Parmi les représentants des parties civiles, certains déploraient l’éventualité d’un recours à cette théorie de l’« entreprise criminelle conjointe », de peur d’assister de ce fait à un nouveau retard de l’ouverture du premier procès. Mais pour d’autres, désireux de s’assurer que les plus hauts responsables n’échappent pas à la justice, le recours à cette modalité d’accusation aurait constitué une certaine garantie de voir un jour les quatre accusés répondre de leurs crimes.

De fait, rien est encore joué. D’autant que les quatre accusés du deuxième procès continuent de nier en bloc les faits qui leur sont reprochés, affirmant avoir ignoré les horreurs commises pendant ces années sous la houlette de Pol Pot, le chef khmer rouge décédé en 1998. Qui plus est, la défense, et plus particulièrement l’avocat français, Jacques Vergès, met tout en œuvre pour exploiter certains défauts de procédure, réclamant notamment la traduction en français de milliers de documents versés aux dossiers en langue khmère et en anglais.

Facteur aggravant, si le plus jeune des accusés passe le premier en justice, ses responsables sont eux âgés d’une vingtaine d’années de plus et risquent à tout moment de s’éteindre avant que la lumière ne soit faite sur leurs responsabilités.
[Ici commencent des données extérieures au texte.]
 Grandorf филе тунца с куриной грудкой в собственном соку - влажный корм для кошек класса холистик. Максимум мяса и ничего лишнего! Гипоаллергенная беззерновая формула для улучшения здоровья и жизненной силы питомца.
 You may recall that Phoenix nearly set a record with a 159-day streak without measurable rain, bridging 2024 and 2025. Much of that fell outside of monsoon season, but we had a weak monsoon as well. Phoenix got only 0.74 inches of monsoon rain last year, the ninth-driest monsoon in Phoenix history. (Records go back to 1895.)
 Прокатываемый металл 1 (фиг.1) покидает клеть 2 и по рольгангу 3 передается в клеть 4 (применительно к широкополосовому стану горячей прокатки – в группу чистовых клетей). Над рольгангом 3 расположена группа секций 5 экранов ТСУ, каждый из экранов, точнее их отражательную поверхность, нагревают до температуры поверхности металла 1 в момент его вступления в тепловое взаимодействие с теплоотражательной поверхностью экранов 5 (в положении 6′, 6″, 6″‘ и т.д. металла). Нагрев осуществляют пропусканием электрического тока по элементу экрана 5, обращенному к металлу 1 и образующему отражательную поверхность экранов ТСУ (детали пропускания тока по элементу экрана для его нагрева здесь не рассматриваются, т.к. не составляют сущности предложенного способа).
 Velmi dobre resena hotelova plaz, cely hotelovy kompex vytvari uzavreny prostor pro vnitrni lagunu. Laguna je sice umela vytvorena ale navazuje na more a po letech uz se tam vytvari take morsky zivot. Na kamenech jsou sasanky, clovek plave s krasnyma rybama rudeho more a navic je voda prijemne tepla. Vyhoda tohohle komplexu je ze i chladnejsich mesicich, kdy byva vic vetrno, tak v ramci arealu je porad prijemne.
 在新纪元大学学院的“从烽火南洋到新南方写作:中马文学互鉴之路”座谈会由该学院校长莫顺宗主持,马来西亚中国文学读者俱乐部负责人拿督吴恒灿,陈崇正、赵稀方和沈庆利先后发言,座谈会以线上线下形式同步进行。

C’est une crainte majeure des parties civiles qui s’exaspèrent de voir la défense gagner du temps, pour permettre aux quatres accusés de disparaître avant même d’avoir été traduits en justice.

Le facteur temps, une donnée importante pour les accusés comme pour les victimes

Ironie extrême, les victimes  qui sont aujourd’hui 38 à se porter parties civiles, mais sont des milliers d’autres à attendre dans l’ombre le résultat de ces procès assistent aux efforts fournis par la communauté internationale afin de ménager la santé des accusés, tandis que de leur côté, malgré les séquelles des tortures infligées sous le régime de Pol Pot, elles ne bénéficient bien souvent d’aucune aide pour subvenir à leurs besoins et tenter d’effacer les traces des souffrances endurées.
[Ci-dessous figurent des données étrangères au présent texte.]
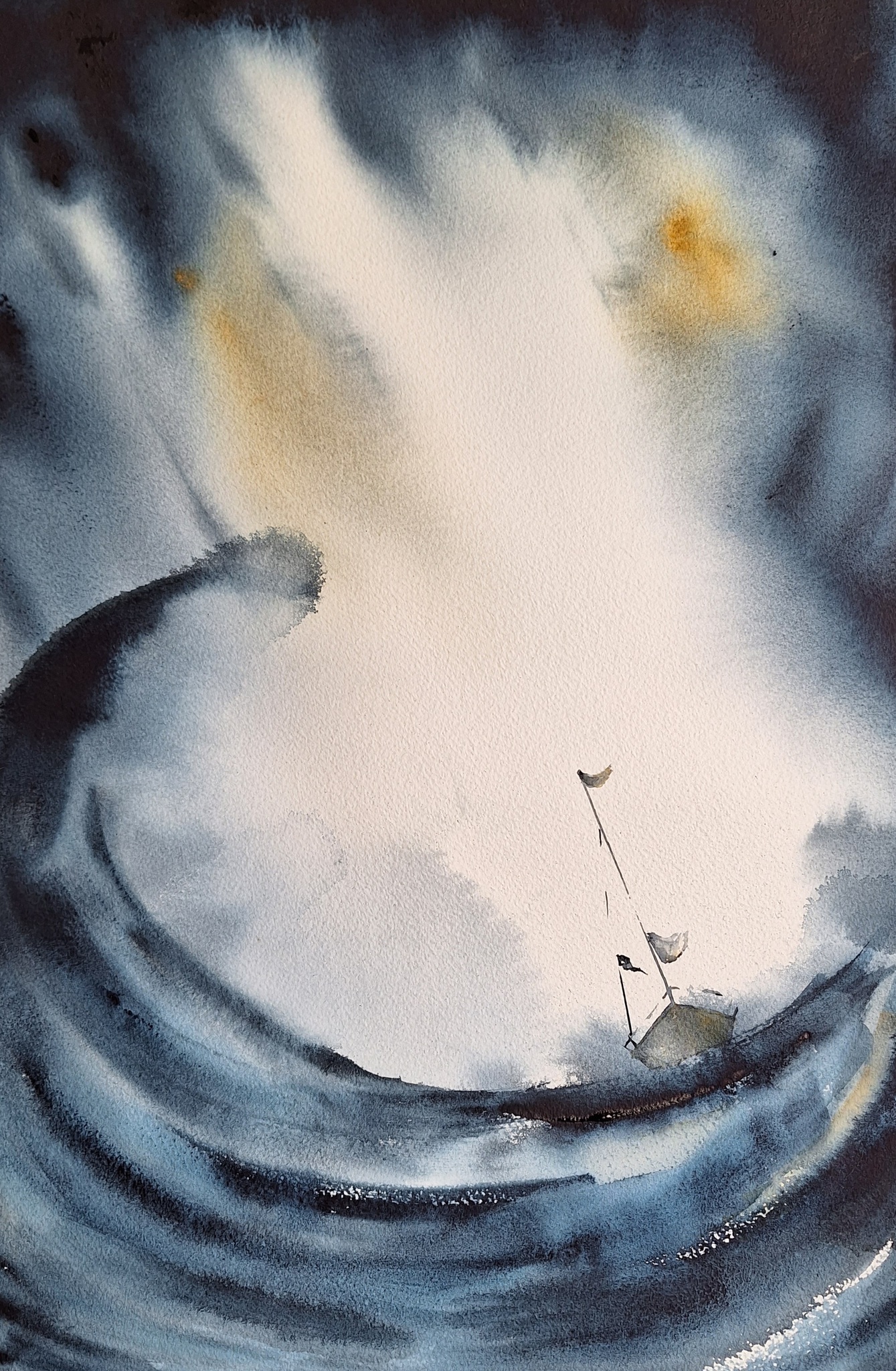 Zee Aquarel Boot Storm Landscap Waterverf Sea Boat Belgium Nancy Watercolorpainting Nancymichiels Belgianwatercolor
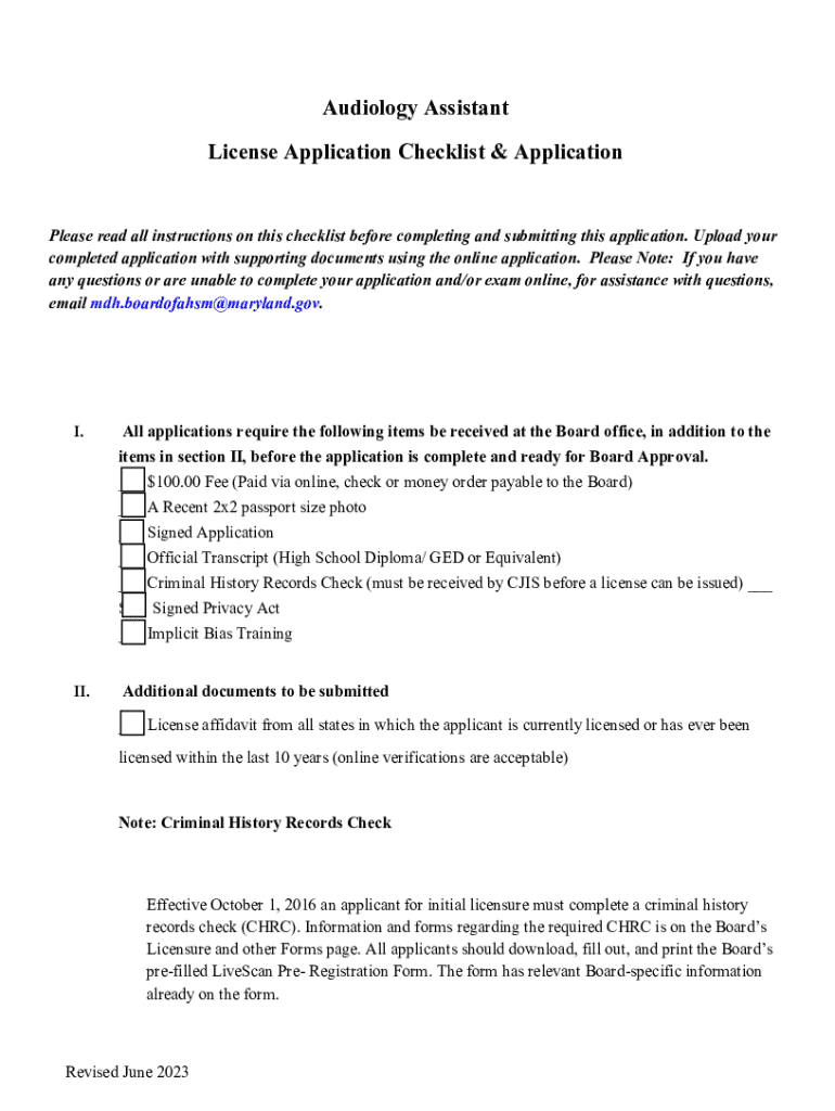 This document outlines the necessary checklist and procedures for applying for an Audiology Assistant license in Maryland. Applicants must provide various documents, including a fee, passport-sized
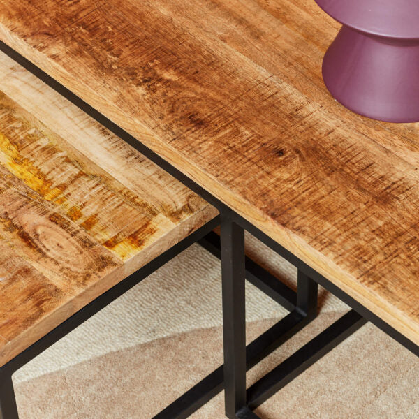 Das Set rechteckiger Couchtische ist aus Mangoholz gefertigt, was ihm eine schöne warme Ausstrahlung verleiht. Dieses schöne Couchtischset aus Mangoholz lässt sich gut mit unseren anderen Möbeln aus Mangoholz kombinieren, wie z.B. den Produkten der Möbelserien Britt, Liv oder Axel.

Les victimes sont ainsi face à un dilemme : il y a pour elles urgence à voir démarrer les audiences publiques, mais à précipiter le mouvement, l’on risque de se priver des instruments visant à démontrer l’implication des plus hauts responsables dans des faits précis, comme l’exige le droit.

A moins qu’à l’issue du premier procès qui pourrait se tenir dans les mois qui viennent, le débat s’ouvre de nouveau sur la notion d’entreprise criminelle conjointe, appliquée cette fois aux accusés du deuxième procès.
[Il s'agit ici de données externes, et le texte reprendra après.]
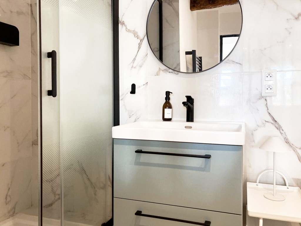 La salle d’eau est habillée de panneaux imitant le marbre, renforçant l’impression de luxe et de propreté.
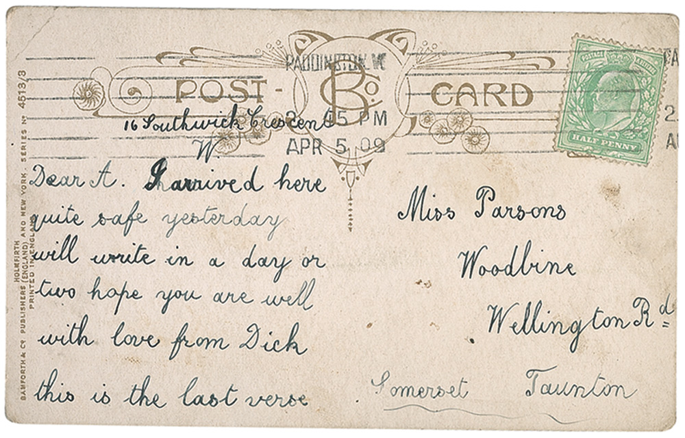 Second class steward aboard the Titanic, with a monthly salary of £3 15s. Parsons died in the sinking. His body, if recovered, was never positively identified. Three postcards related to Richard Parsons, two 5.25 x 3.25 and one 3.25 x 5.25. One is written and signed by Parsons, to his sister, postmarked April 5, 1909, and reads, “I arrived here quite safe yesterday. Will write in a day or two. Hope you are well, with love from Dick.” Other postcards are sent to Parsons from his mother and sister. Postcard sent to Richard by his mother (August 1909) is worded in part: “My dear Dick, just a card to wish you many happy...of your Birthday, sorry I have nothing to send you...with love from mother." Postcard sent to Richard by his sister Addie (September 30, 1909) is worded in parts: “Dear D...you are collecting P.C, I have sent you one it is the new fountain. Ruth is still staying here. I hope you are quite well. We have been expecting to hear from you. I had a letter from Cecil last night he said he had been to see you. Please write soon, with love from us both. Addie " In overall very good condition.
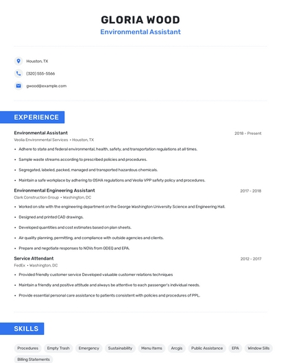 Build a professional environmental assistant resume in minutes. Browse through our resume examples to identify the best way to word your resume. Then choose from 5+ resume templates to create your environmental assistant resume.
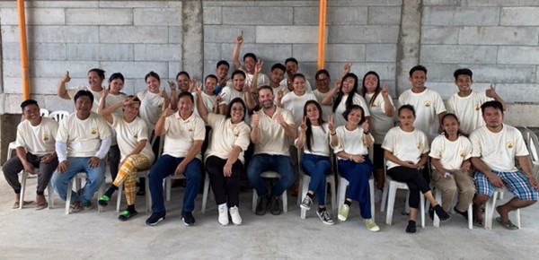 L'équipe de Pili Pi Nuts aux Philippines, avec Ties Minnen au centre
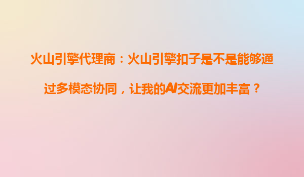 2025-10-26火山引擎扣子:多模態(tài)協(xié)同如何賦能AI交流的豐富性? 一、多模態(tài)協(xié)同:AI交流的下一站 在AI技術的快速發(fā)展中,單一的文本交互已無法滿足用戶對沉浸式體驗的需求...
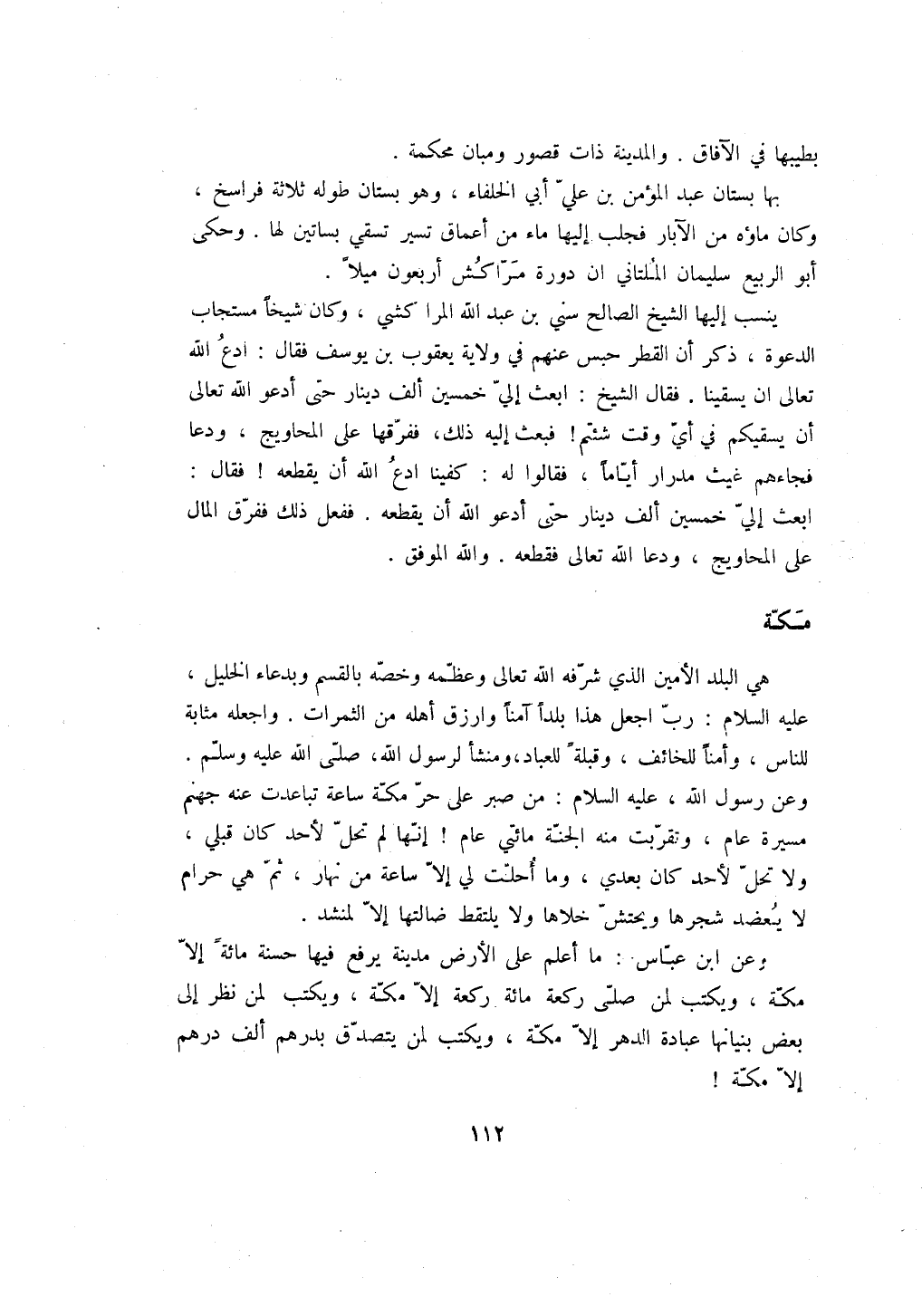 وعن ابن عباس: ما أعلم على الأرض مدينة يرفع فيها حسنة مائةً إلا مكة، ويكتب لمن صلى ركعة مائة ركعة إلا مكة، ويكتب لمن نظر إلى بعض بنيانها عبادة الدهر إلا مكة، ويكتب لمن يتصدق بدرهم ألف درهم إلا مكة!

Les parties prenante s’interrogent :  était-ce alors bien nécessaire de soulever la question dès le mois d’août, quitte à perdre des mois avant le démarrage du procès de Duch ?

Ce délai illustre s’il en était besoin les difficultés de ce tribunal mixte, associant pratiques de divers horizons juridiques : d’une part la common law pratiquée dans les pays anglo-saxons et, jusque-là, dans la plupart des procès internationaux – une pratique qui se passe de l’existence du juge d’instruction – et d’autre part la civil law à la française, également pratiquée au Cambodge, qui se targue d’accorder une place plus importante à la participation des victimes, et démarre à l’issue d’une instruction menée dans le plus grand secret.